News

Dutch Premier Promises Tax Relief Before Election

Prime Minister Mark Rutte’s liberals are neck in neck with the far-left Socialists in the polls.

Prime Minister Mark Rutte of the Netherlands promised tax relief for working Dutchmen three weeks before parliamentary elections are scheduled to take place in the Northwestern European country.

Rutte, whose ruling liberal party is neck in neck with the opposition Socialists in preelection polls, told De Telegraaf newspaper in an interview that was published on Wednesday that from 2014, there could be a €1,000 across the board income tax cut.

At the same time, the Dutch leader insisted that there would have to be deeper spending cuts in the short term. “Unfortunately, we will have to bend expenditures sharply because our government finances are out of sync.”

Next year, the Netherlands will reduce their deficit to under 3 percent of gross domestic product in compliance with European fiscal rules but only because a last-minute budget deal was reached in April after Geert Wilders and his nationalist Freedom Party withdrew their support from the ruling coalition of Christian Democrats and liberals. Centrist and Green parties gave the government the necessary majority to enact a budget in time.

Wilders, who has 24 seats in the current parliament, appears not to benefit from causing the collapse of the most right-wing cabinet that the Netherlands had ever known, even as he has defended his decision to trigger new elections by chastising the remaining parties for submitting to a European “diktat.” Recent polls give him between fourteen and seventeen seats.

Freedom Party voters are eying Rutte’s liberals as an alternative as the election appears to become a two man race between the incumbent prime minister and Socialist Party leader Emile Roemer.
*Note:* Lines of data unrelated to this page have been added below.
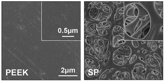 Surface morphology of PEEK and sulfonated PEEK (SP) detected by SEM. Reprinted with permission from Ref. []. Copyright 2022, Elsevier.
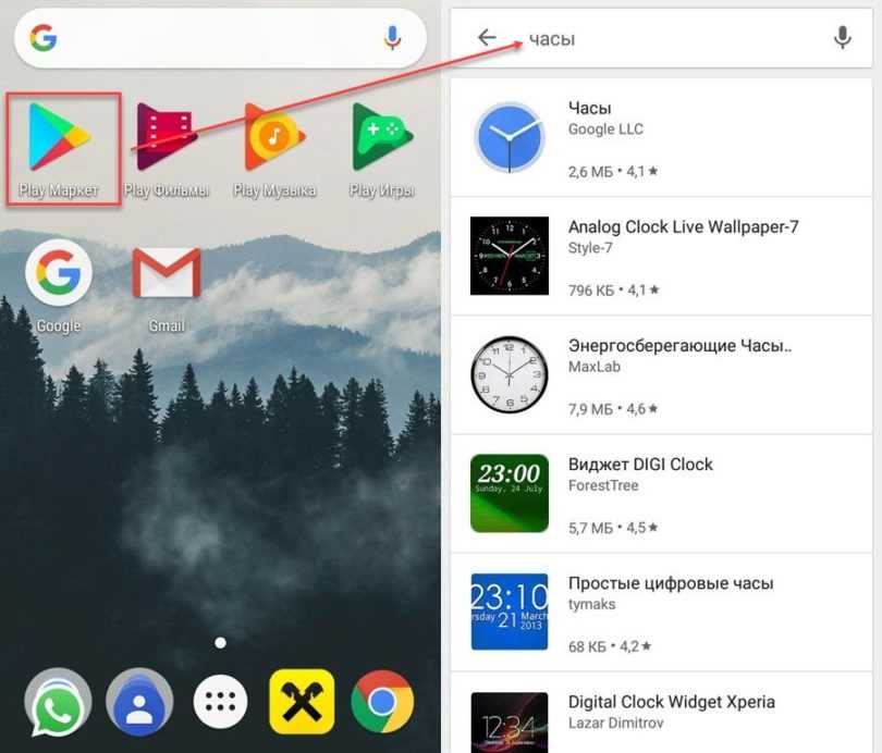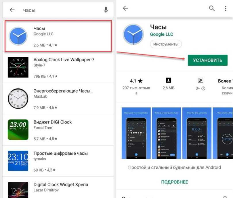Шаг 1. Запустите Play Маркет и в строке поиска наберите «Часы». В списке найдите и выберите приложение от компании Google LLC. Это официальный инструмент для Андроид, но вы можете использовать любое другое.
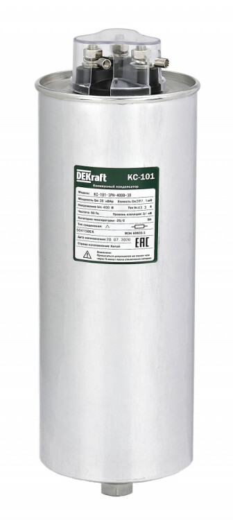 Косинусный трехфазный конденсатор самовосстанавливающегося типа серий КС-101 предназначен д ля корректировки коэффициента мощности в электрических сетях переменного тока 50/60 Гц напряжением 450 В. Номинальная мощность 30 кВАр.

The far left has upward of thirty seats in the polls, double their current delegation and rivaling Rutte’s party for the plurality. The largest party, even if it does not secure an absolute majority, traditionally delivers the prime minister in a coalition government.
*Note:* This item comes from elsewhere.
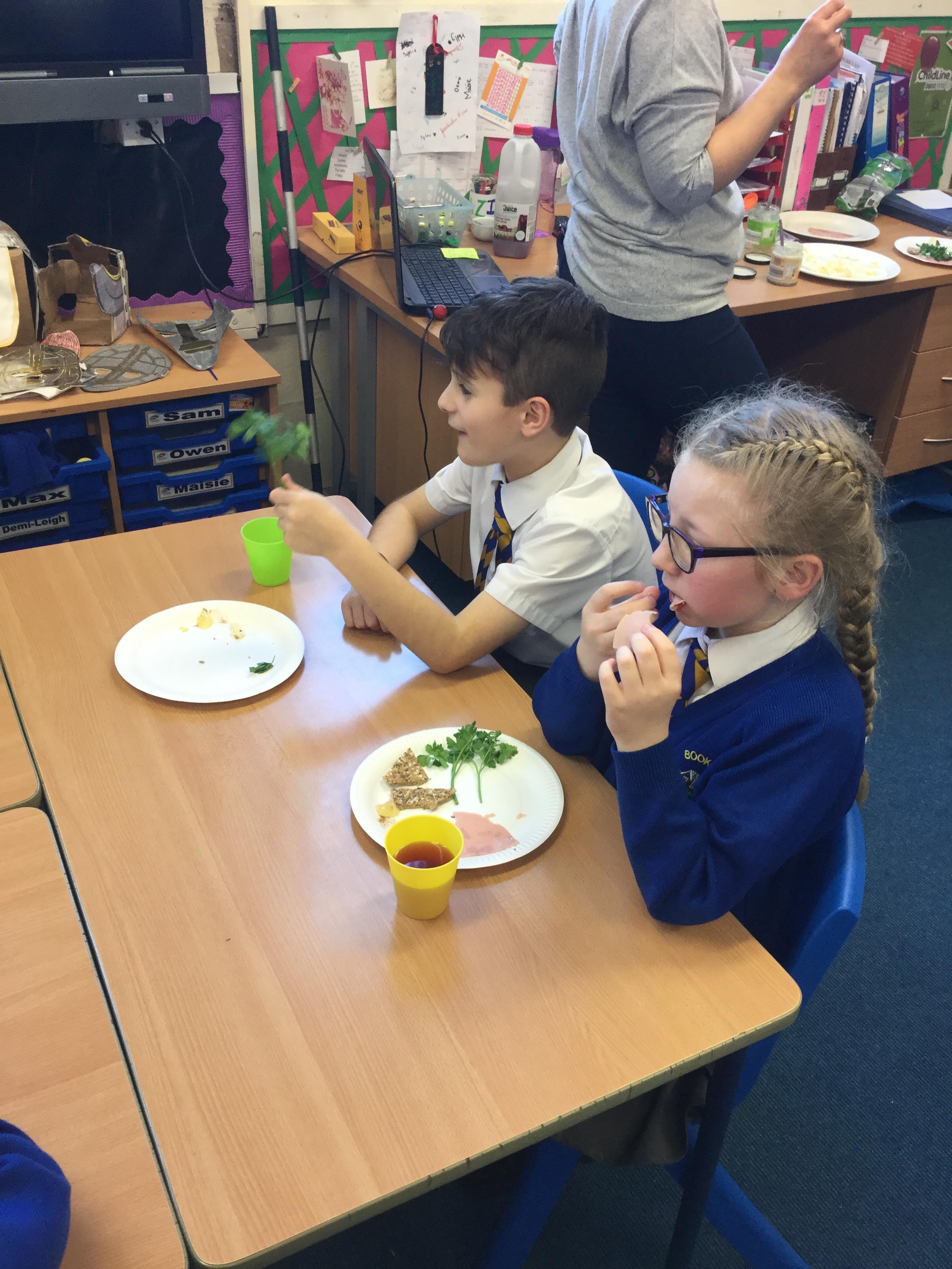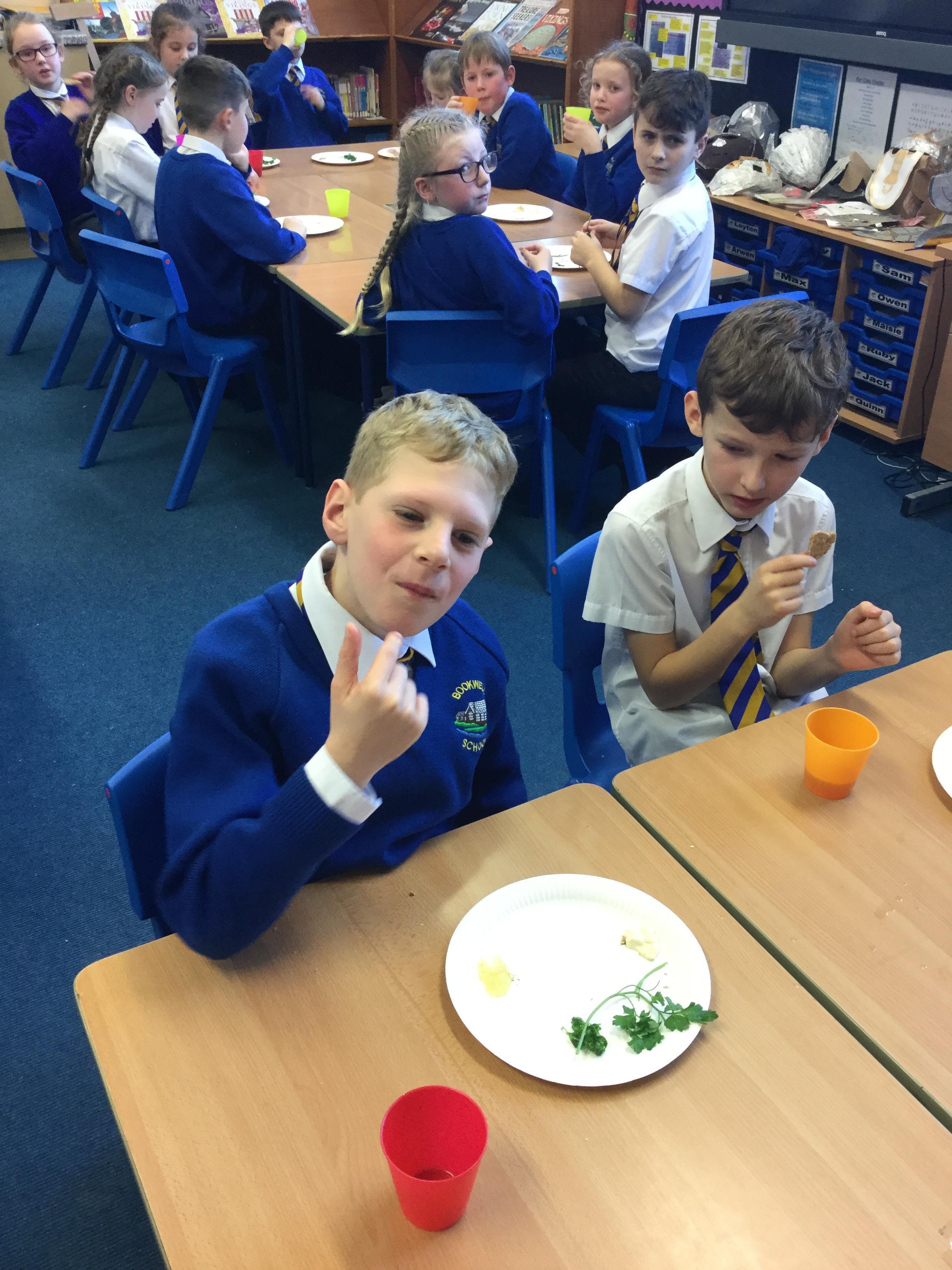 During R.E this half term year 4 have been learning all about Judaism. We have learned all about the raltionship Jews have with their God and how they worship him. One of their most important celebrations is Passover and to experience what it is like we had our very own Seder meal. We tried all of the traditional foods eaten from the Seder plate, washed down with some fruit juice.
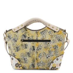 Leather wrapped whipstitched handles showcase all over multi colored yellow and charcoal dimensional embossed roses, along with a trio of 3 D leather upper blooms. Front to back corners of wild mountain carved leather flowers with antiqued brass stud accents and feet. Outside back zip, inside single compartment with wall zipper and open pouches for smaller items. Adjustable shoulder strap and protective storage bag included.

As right-wing voters flock to the pro-business and fiscally conservative liberal party, left-wing voters by a margin of two to one prefer the Socialists, who have never been in government, over the more centrist and less Euroskeptic Labor Party. The latter may win just over twenty seats, an historic low for a party that has been in government for a total of 28 years since it was founded in 1947.

As election day nears and the party leaders meet for nearly a dozen televised debates, leftist voters could yet pivot to Labor or the Greens if they fuel enough doubt about the Socialists’ ability to govern and specifically Roemer’s fitness to be prime minister. Nearly half of potential Socialist Party voters say they haven’t made up their mind definitively yet.

Roemer, who had been party chief for two years, did little to dispel voters’ concerns about his fortitude when he told Het Financieele Dagblad last week that he would refuse to pay a European Commission fine if the Netherlands did not adhere to the 3 percent deficit limit under his administration. “Over my dead body,” said the candidate, only to backpedal on that very promise the next day when he came under severe criticism from other party leaders who questioned his sincerity.

According to recent polls, no two party coalition is possible unless the liberals and Socialists entered into an alliance — highly improbable given that the two occupy opposite ends of the political spectrum and are actively campaigning against one another.

A left-wing coalition led by the Socialists also seems unlikely. It would need the support of the Christian Democrats and liberal Democrats for a majority, centrist parties that are more inclined to enter a coalition with Rutte’s liberals.

Rutte, however, would likely need Labor’s participation to form a four or five party coalition government which would be unprecedented and particularly unstable given Labor’s more oppositional tone in recent months. It has shifted further to the left in an attempt to lure back Socialist Party voters.

Another minority government, with parliamentary support from the Freedom Party, has been all but ruled out by the Christian Democrats and liberals who accuse Wilders of political cowardice for abandoning the coalition when it came time to make unpopular decisions on spending and taxes. Other parties say they would exclude Wilders from talks because of his anti-Islamic platform.